I left her, like an overweight Joan of Arc waiting for the pyre to ignite, and went up to the top floor. The second door was already open and a small old man, seventy or more, stood waiting for me. He still had most of his hair, or most of someone’s hair. He wore gray pin-striped trousers and a black jacket over a white shirt and a gray pin-striped vest. His tie was black silk. He looked slightly unhappy, like an undertaker who had just mislaid a corpse. A faint patina of dust seemed to have settled upon him, a combination of dandruff and paper fragments, paper mostly. Wrinkled and faded as he was, he might almost have been made of paper himself, slowly crumbling away along with the accumulated detritus of a lifetime in the service of the law.
He stretched out a hand in greeting, and conjured up a smile. Compared to his secretary, it was like being greeted with the keys of the city.

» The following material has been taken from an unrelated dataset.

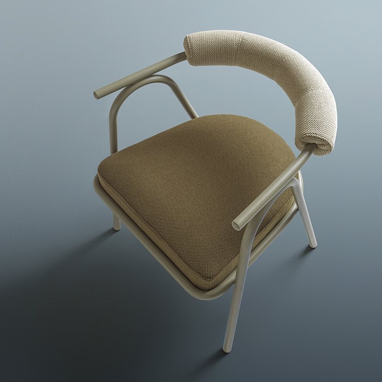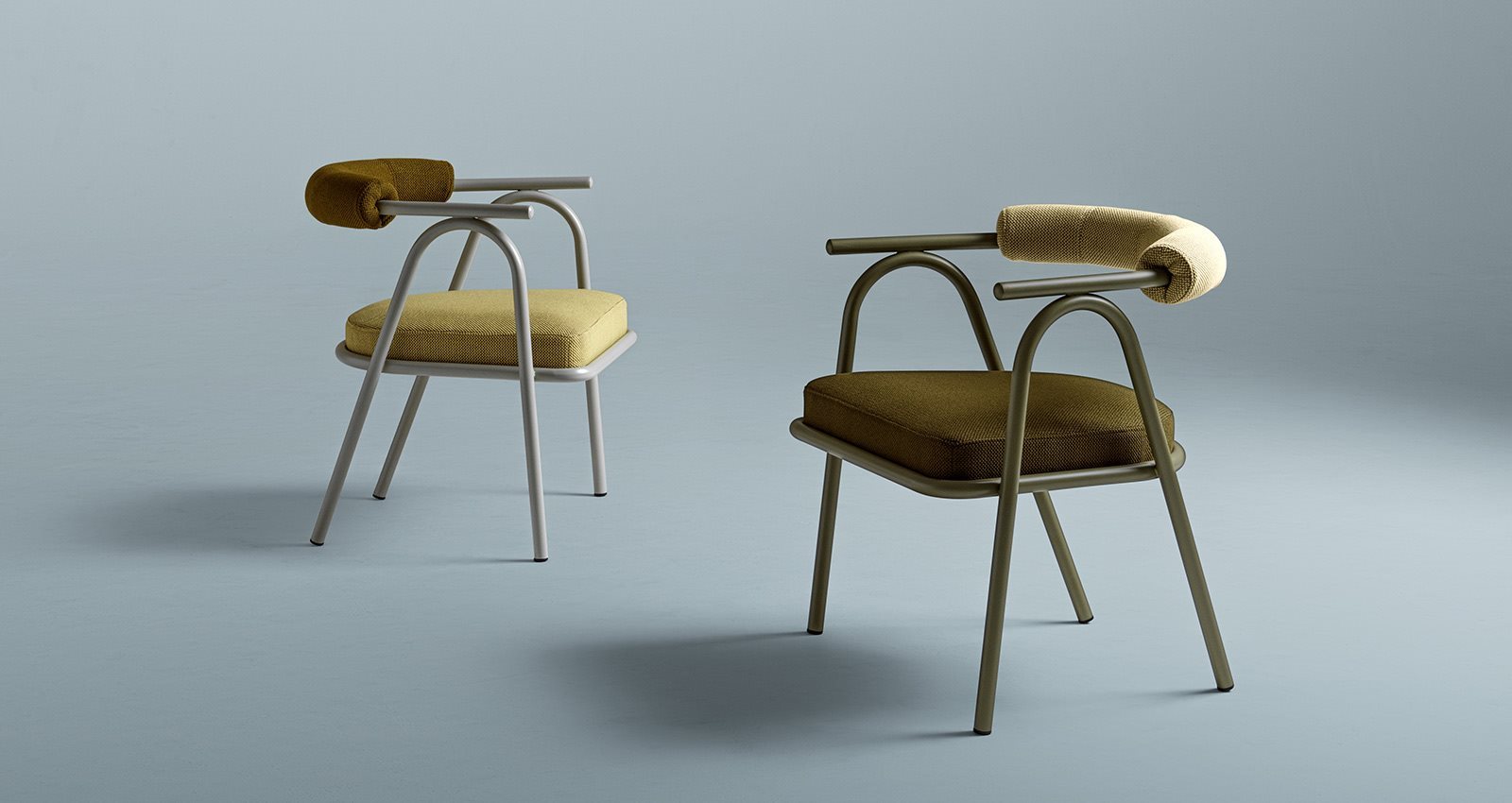 Baba armchair by SerenaConfalonieri, which play the starring role in a fun game of colours and contrasts that draw their inspiration from traditional clothing and accessories used by African tribes, with the brighthues of tropical flora and the warm hues of the soil. The contrastis further emphasised in the pursuit of volumes between the backrest and seat, and the slim line monochromatic body that moves sinuously across the soft shapes of the padding.

“I’m Thomas Eldritch,” he said. “Please come in.”
His office was tiny. There was paper here, too, but less of it. Some of it even looked like it had been moved recently, and box files were stored alphabetically on the shelves, each carefully marked with a set of dates. They went back a very long time. He closed the door behind me and waited for me to sit before he took his own seat at his desk.
“Now,” he said, steepling his hands before him. “What’s this about Mr. Merrick?”
“You know him?”
“I am aware of him. We provided him with a car at the request of one of our clients.”
“Can I ask the name of the client?”
“I’m afraid I can’t tell you that. Is Mr. Merrick in some kind of trouble?”